[the-subtitle ]
By Paolo von Schirach
June 6, 2011
WASHINGTON – If you thought that the US had a mighty fiscal crisis and that nothing could be worse than Greece, once more with begging bowl in hand, barely a year after a gigantic European Central Bank (ECB) and International Monetary Fund (IMF) bail out, think again. Egypt should come to mind as the looming Mediterranean Basin basket case. It is the largest and now semi-bankrupt non-oil Arab economy. Remarkably, this country of 80 million managed to get rid of octogenarian president-for-life-or-so-we-thought Hosni Mubarak in an almost peaceful fashion. This was a great success, considering the ongoing bloodshed in Yemen, Syria and, of course, Libya, with no victory in sight for those who want change.
Egypt revolution about economics as much politics
But the Egyptian uprising was at least equally a revolt of the unemployed and the marginalized demanding a better deal as it was a rebellion against autocracy and lack of accountability. The provisional government tried to assuage the economic tensions by giving lots of stuff away. Egypt’s almost 6 million civil servants and other public workers got a 20% wage increase, according to a The Financial Times story. Minimum wage has been increased and fuel subsidies have been extended. All these laudable attempts to buy social peace, however, because of the political upheaval, occurred as state revenue fell by half and exports also fell by half.
Spending up, revenue down
So, in Cairo we have now a really nasty combination of increased expenditures to keep a modicum of tranquillity and an incredible revenue shortfall. The public deficit will climb from almost 9% of GDP to about 11% next year. This is clearly unsustainable for an already fragile economy. To shore things up a bit, the Egyptian government just got a $ 3 billion loan from the IMF. But this is just a band aid, some budget support that will be be spent in no time.
How to get the economy moving
The hard part will be to get the economy moving again and to recreate a sense of confidence among foreigners, so that they will start coming to Egypt again, this way fueling a substantial hospitality industry that provides employment and much needed revenue.
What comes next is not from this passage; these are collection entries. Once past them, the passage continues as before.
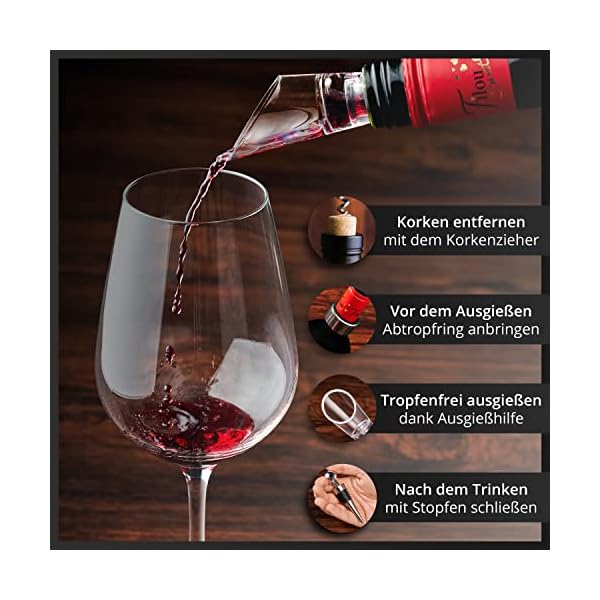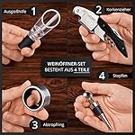 ✔ PROFESSIONELLES SET: Unser hochwertiges Weinöffnerset enthält alles, was Sie für den perfekten Weinabend benötigen: einen Korkenzieher, einen Abtropfring, einen Ausgießer und einen Flaschenverschluss. Ein Muss für jeden Weinliebhaber und Weintrinker.
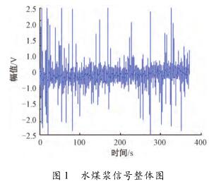 針對污泥計量表測量水煤漿時出現較大波動,甚至回零這一問題,特去某煤化工企業甲醇分公司進行現場數據采集。該公司所使用的對置式四噴嘴氣化有4個噴嘴,噴嘴管道口徑為125mm,管中水煤漿流量基本穩定在19m³/h(流速約為0.48m/s)。每條噴嘴煤漿線上安裝了3臺污泥計量表,每臺污泥計量表由傳感器和變送器兩部分組成。選擇其中1條水煤漿管線上的1臺污泥計量表進行數據采集,因為該臺污泥計量表測量結果波動大,甚至出現回零的現象。將課題組研制的基于DSP的電磁流量變送器的信號線和勵磁線接到該電磁流量傳感器的電極和勵磁線圈上,組合成完整的污泥計量表,進行水煤漿數據采集。使用的電磁流量變送器是以TI公司DSP芯片TMS320F28335為核心,采用高頻勵磁方案,其硬件主要包括勵磁控制系統和信號采集處理系統,具體的模塊有勵磁驅動模塊、信號調理采集模塊、信號處理控制模塊、人機接口模塊、通信模塊及電源管理模塊。信號調理采集模塊中的調理電路對一次儀表輸出的信號進行放大和濾波,截止頻率是2kHz,放大倍數約為230倍。通過NI公司USB-6216型號的數據采集卡進行數據采集,把調理電路的輸出端連接到數據采集卡的一個差分輸入端,并設置數據采集卡工作在差分的測量模式,設置采集卡的采樣頻率為10kHz。采集多組水煤漿信號數據,每組數據的時間長度為5min。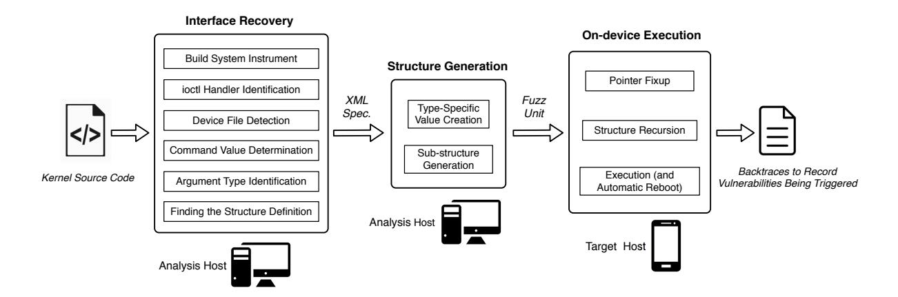 Automated driver analysis. We developed a fuzzing framework, that can automatically analyze the kernel sources of a device. For every driver the tool identifies all the ioctl entry points, as well as the corresponding structures, and device file names. We apply our technique to analyze seven devices, identifying 36 vulnerabilities. These vulnerabilities, ranging from DoS to code execution flaws, demonstrate the efficacy and impact of our approach. We are in the process of responsibly disclosing these vulnerabilities to the respective driver vendors.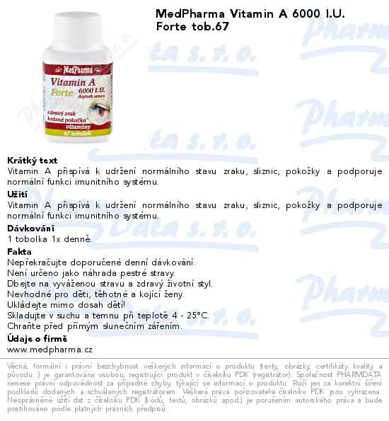 MedPharma Vitamin A 6000 I.U. Forte tob.67

European Union and G-8 countries to the rescue
French Foreign Minister Alain Juppe’, speaking in Washington at the Brookings Institution about the prospects for the Arab Spring, indicated that the EU has plans to shore up the tattered economies of the Arab countries just transitioning into what we hope will be democracy. Juppe’ recognised that, if the economies of Tunisia and Egypt fail, it will be chaos and consequently the prospects for democracy would be very dim.
He also added that the G-8 countries pledged a fresh fund amounting to $ 20 billion for Egypt and Tunisia. But he admitted that pledges are one thing, spending on a good plan is quite another. Can the Egyptians come up with a good economic revitalization strategy in which precious foreign assistance will play a major role? Let’s hope so.
Egypt is “too big to fail”
Very much like Greece, Egypt cannot make it on its own, this much is clear. Greece is lucky (or so we think) to be inside the European Union and thus apparently “too big to fail”. Egypt is also “too big to fail”; but for entirely different reasons. Because it is in many respects the center of gravity of the much of the Arab world. Still, its successful economic rescue, right in the middle of this delicate transition to some kind of democracy, cannot be taken for granted.